I think maybe it has to do with the knowledge that anything displayed prominently is going to have a bunch of really really smart people swarming all over it and critiquing it and making sure you get very embarrassed if any of it is wrong. People avoid posting things they're not sure about, and so the things that get main-ed tend to be restatements of things that create pleasant feelings in everyone reading them without rocking any conceivable boat, and the sort of overly meta- topics you're talking about lend themselves to those restatements - for example "We should all be more willing to try new things!" or "Let's try to be more alert for biases in our everyday life!"
Potential cures include greater willingness to upvote posts that are interesting but non-perfect, greater willingness to express small disagreements in "IAWYC but" form, and greater willingness to downvote posts that are applause lights or don't present non-obvious new material. I'm starting to do this, but hitting that downvote button when there's nothing objectively false or stupid about a post is hard.

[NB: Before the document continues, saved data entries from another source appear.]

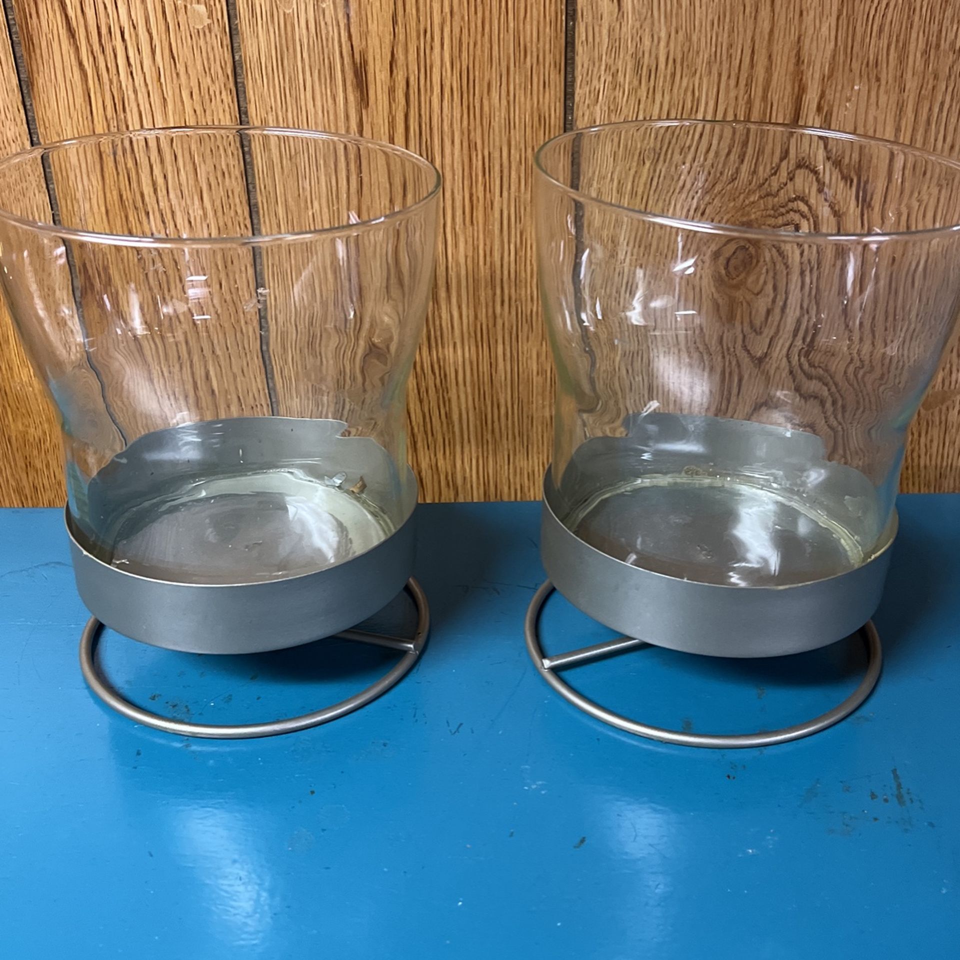 2 PCs 7.5” by 6” Clear Glass Candle Holders w/ Silver Metal Stand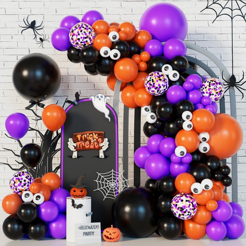 140PCS 할로윈 풍선 아치 세트 안경 인쇄 풍선 할로윈 파티 배경 장식스토어 가기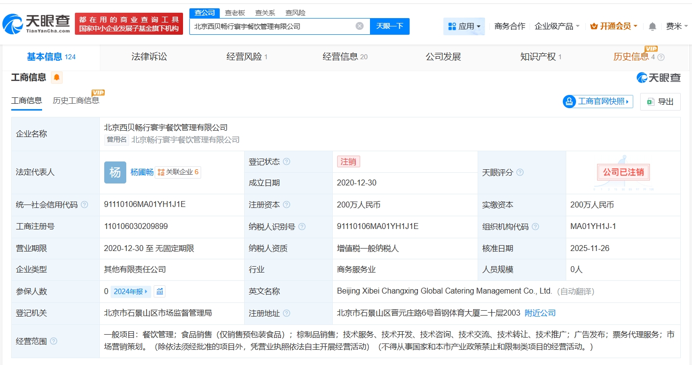 天眼查工商信息显示,近日,北京西贝畅行寰宇餐饮管理有限公司登记状态由存续变更为注销,此前,该公司已发布简易注销公告。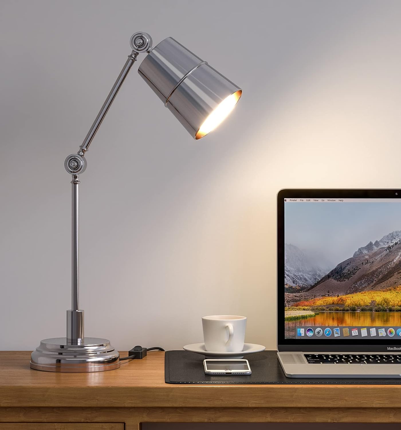 • Study Desk Office Reading Table Lamp Silver Nickel with Adjustable Moveable Head and Body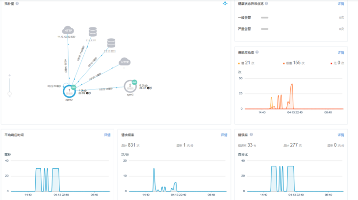 1.拓扑图:观察周期内,当前集群实例与其他集群实例或者第三方服务的拓扑关系,以及他们彼此间的请求频率和平均响应时间。
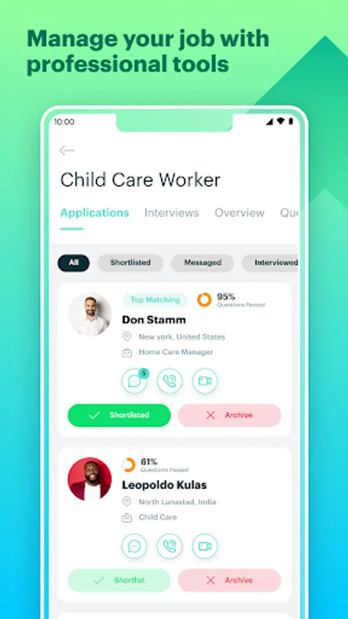 Track your application status (Reviewed, Shortlisted, Messaged, Interviewed and Hired)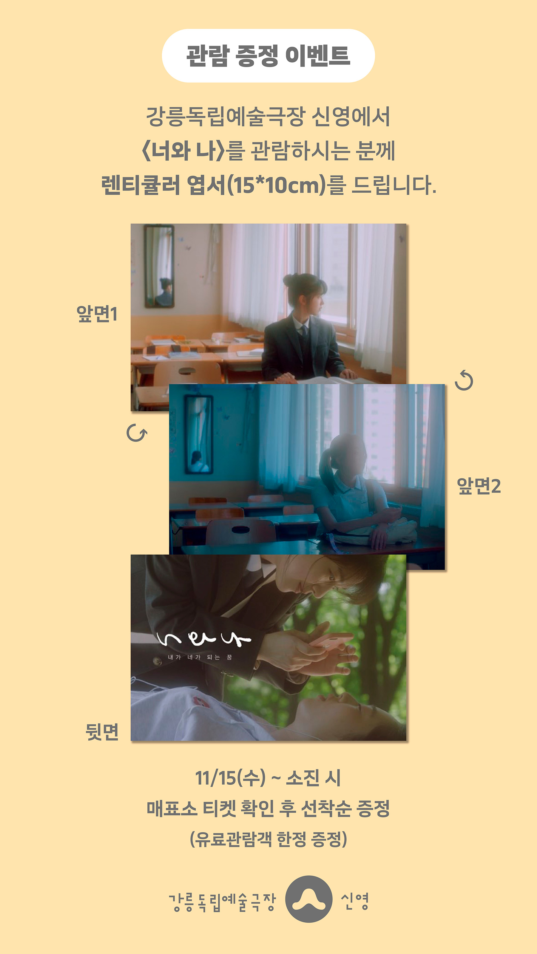 강릉독립예술극장 신영에서 <너와 나>를 관람하시는 분께 선착순으로 <너와 나> 렌티큘러 엽서(15*10)를 드립니다.

I agree that theoretical-sciency-mathy-insightful stuff is less common now than when Eliezer was writing posts regularly. I suspect this is largely because writing such posts is hard. Few people have that kind of knowledge, thinking ability, and writing skills, and the time to do the writing.
As someone who spends many hours writing posts only to have them nit-picked to death by almost everyone who bothers to comment, I appreciate your advice to "express small disagreements in 'IAWYC but' form."
As for your suggestion to downvote posts that "don't present non-obvious new material," I'm not sure what to think about that. My recent morality post probably contains only material that is obvious to someone as thoroughly familiar with LW material as yourself or Phil Goetz or Will Newsome or Vladimir Nesov or many others, but on the other hand a great many LWers are not quite that familiar, or else haven't taken the time to apply earlier lessons to a topic like morality (and were thus confused when Eliezer skipped past these basics and jumped right into 'Empathic Metaethics' in his own metaethics sequence).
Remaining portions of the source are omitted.